Maldonado, who prides himself on having no artistic training, creates funny, macabre ink drawings that are highly reminiscent of José Guadalupe Posada's famous skeletal etchings. Almost all the images depict skeletons with vortex eyes. The book opens with “La Ofrenda,” depicting a scene with a moon in the top left corner and a sun in the top right corner with three bony traditional Día de los Muertos characters—a guitarist, a drunk and a skeleton clutching flowers wrapped in crinkled paper—posing on a flat desert plain.

Throughout the book, the images are consistent but varied enough to remain interesting. Maldonado focuses mainly on iconic Day of the Dead figures—La Catrina, El Bandido, guitarists, mariachis and lots of borrachos (drunks)—but he gives his own subtle twist to each one.

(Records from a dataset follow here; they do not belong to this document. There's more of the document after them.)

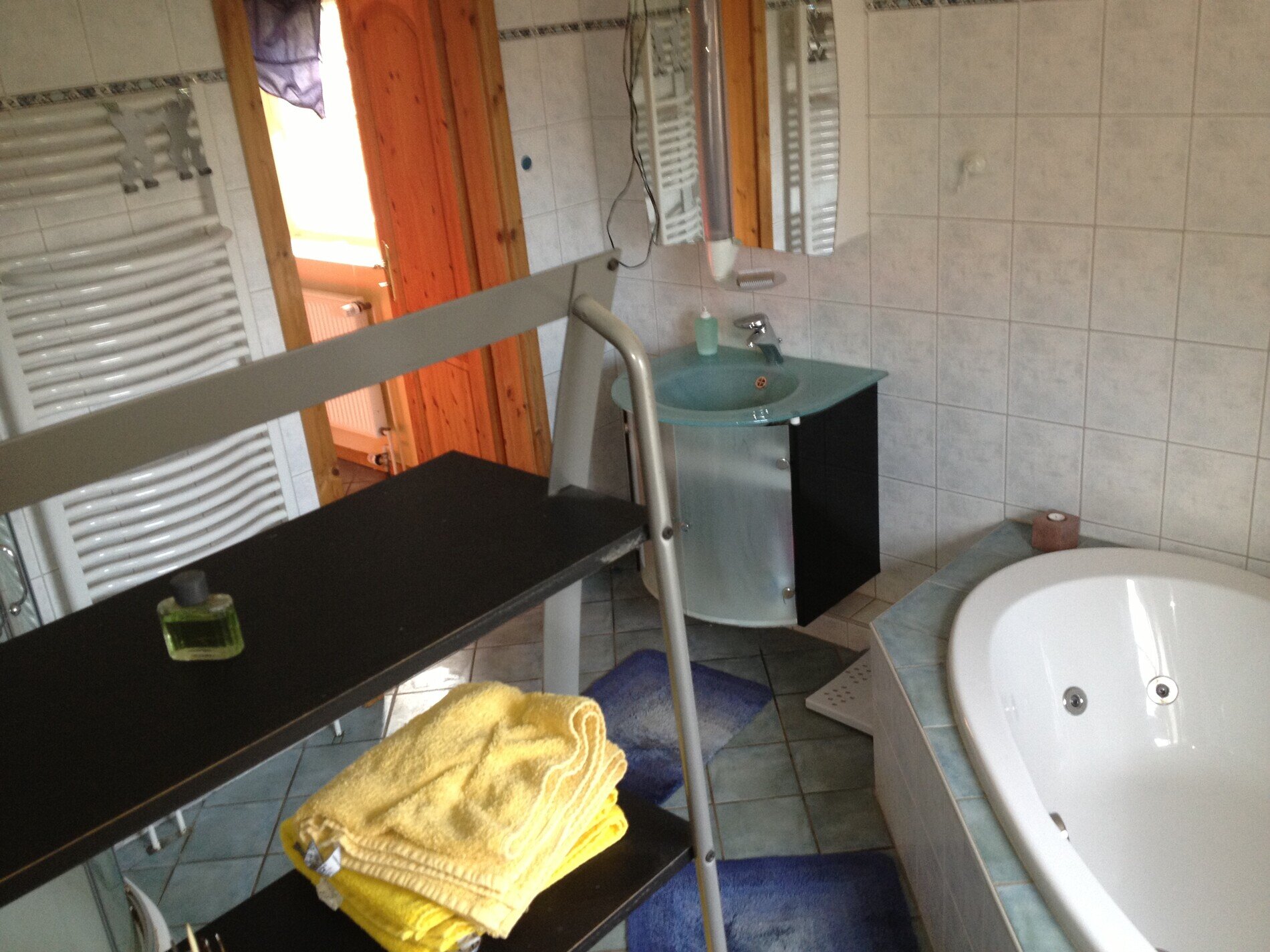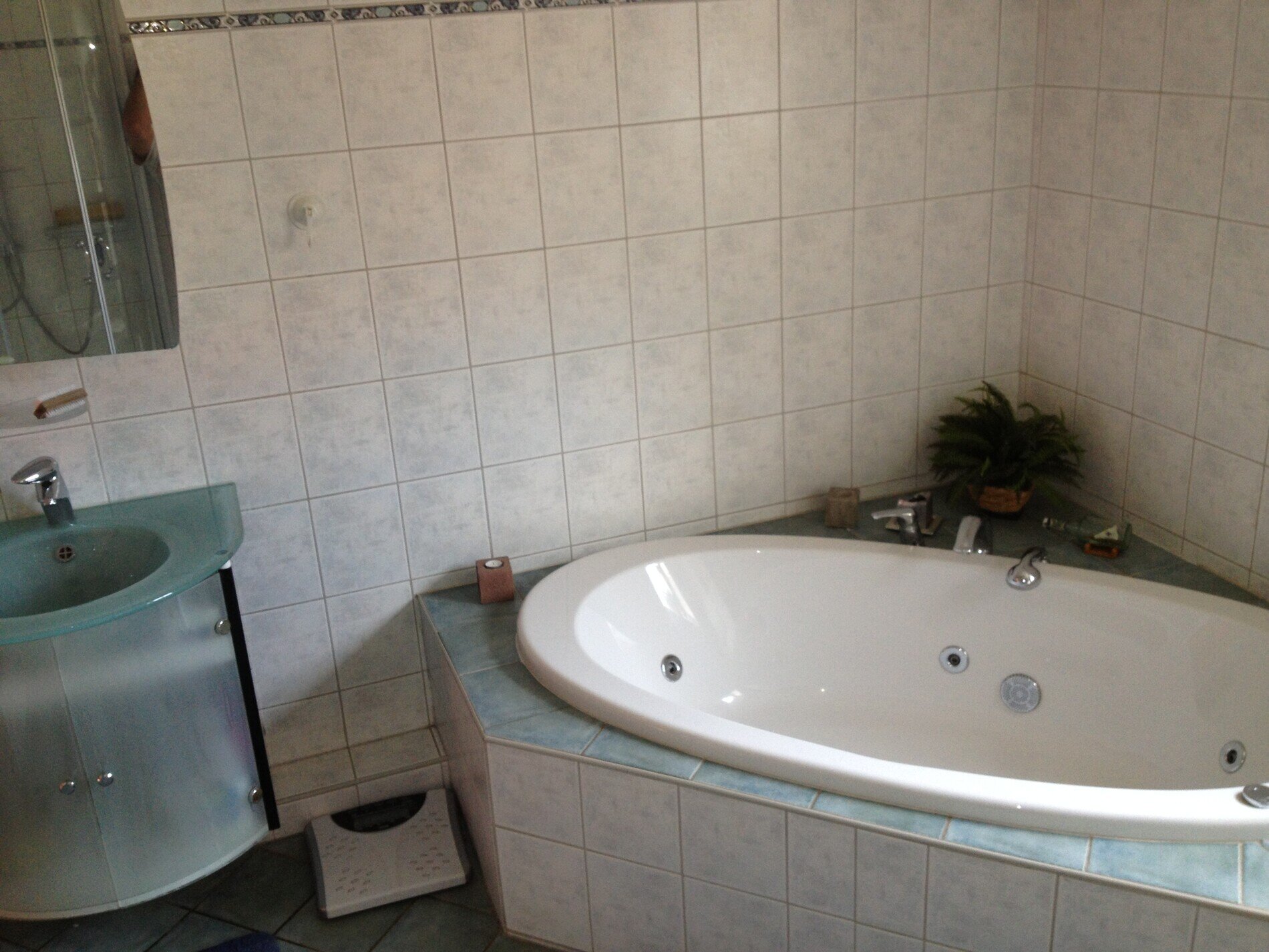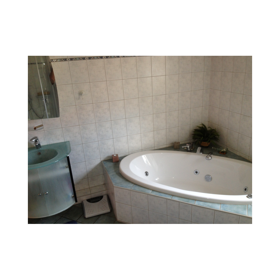- Bad mit Whirlpool, Dusche/Regendusche, WC, Waschtischanlage, Fön
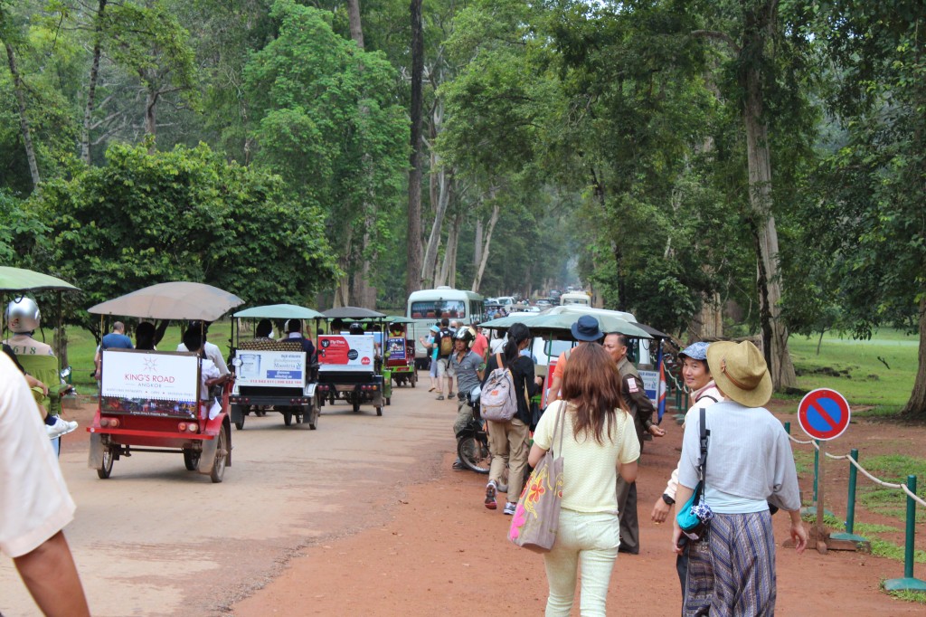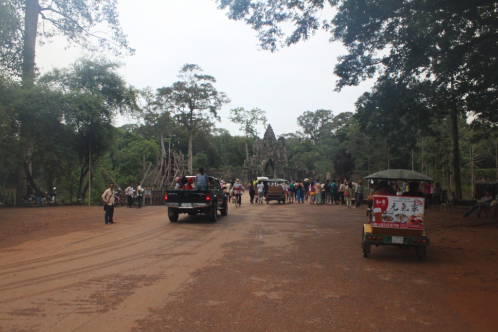 世界遺産であるアンコールワットにはそれこそ世界中から観光客が集まるので、門を通り抜ける車の列もすごい!
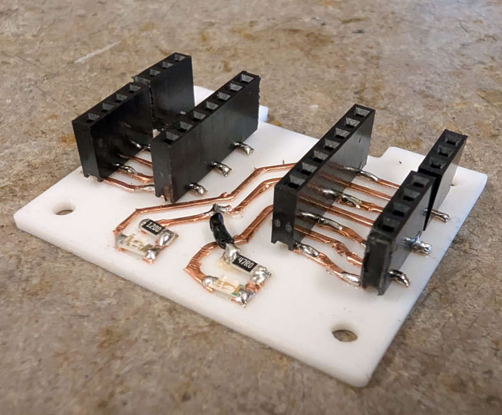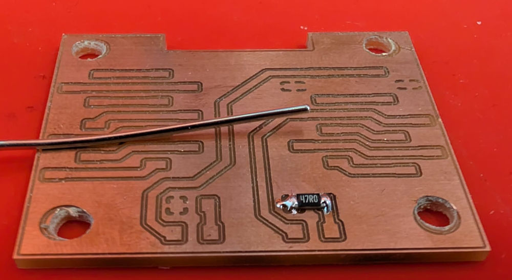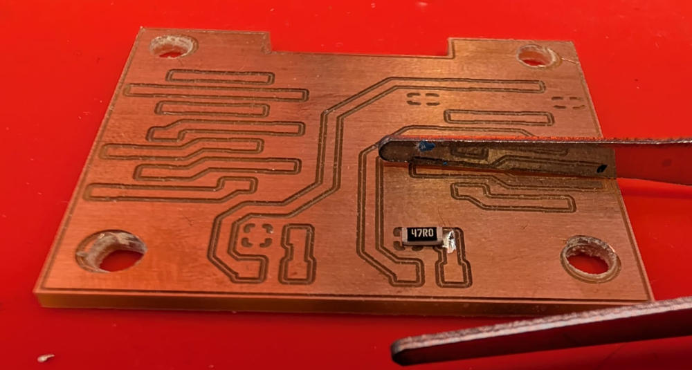 For the placement and soldering of the tiny components, in my case, the resistors and the leds, I first put a bit of solder on the PCB.
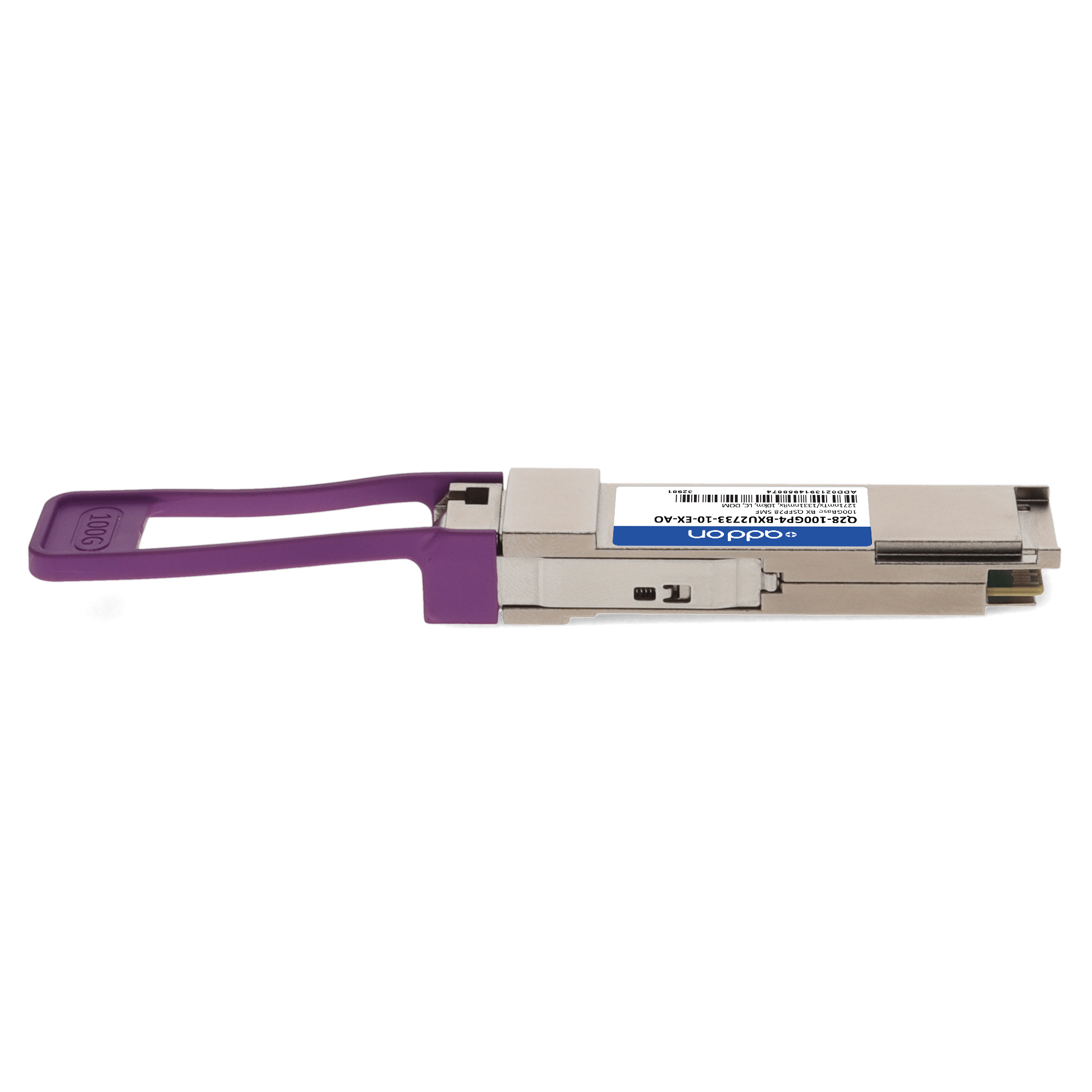 AddOn Networks Extreme Networks Compatible 100GBase-BX QSFP28 Single Lambda Transceiver (SMF, 1271nmTx/1331nmRx, 10km, LC, DOM, with FEC). SFP transceiver type: Fiber optic, Maximum data transfer rate: 100000 Mbit/s, Interface type: QSFP28. Product colour: Silver, Form factor: QSFP28, Brand compatibility: Extreme Networks. Compliance certificates: Trade Agreements Act (TAA). Quantity per pack: 1 pc(s). Package width: 70 mm, Package depth: 121 mm, Package height: 30 mm

A demonic chihuahua, which serves as the book's unofficial mascot, makes appearances throughout. The book is also enhanced by Sara Lucero's brief but frequently informative commentaries on facing pages.

One drawback is the binding, which didn't hold up very well after repeated viewings. Yet it's still a gorgeous book that's filled with nice touches. I particularly enjoyed the tombstone Maldonado designed for himself at the end of the book with the inscription, “La única cosa segura en la vida es la muerte.” (The only certain thing in life is death.)

Maldonado states in an epigraph that his art “has more to do with life than with death.” This, of course, is true of Mexican “death art” in general. Embracing the inevitability of death is the only way to live every day of our lives to the fullest.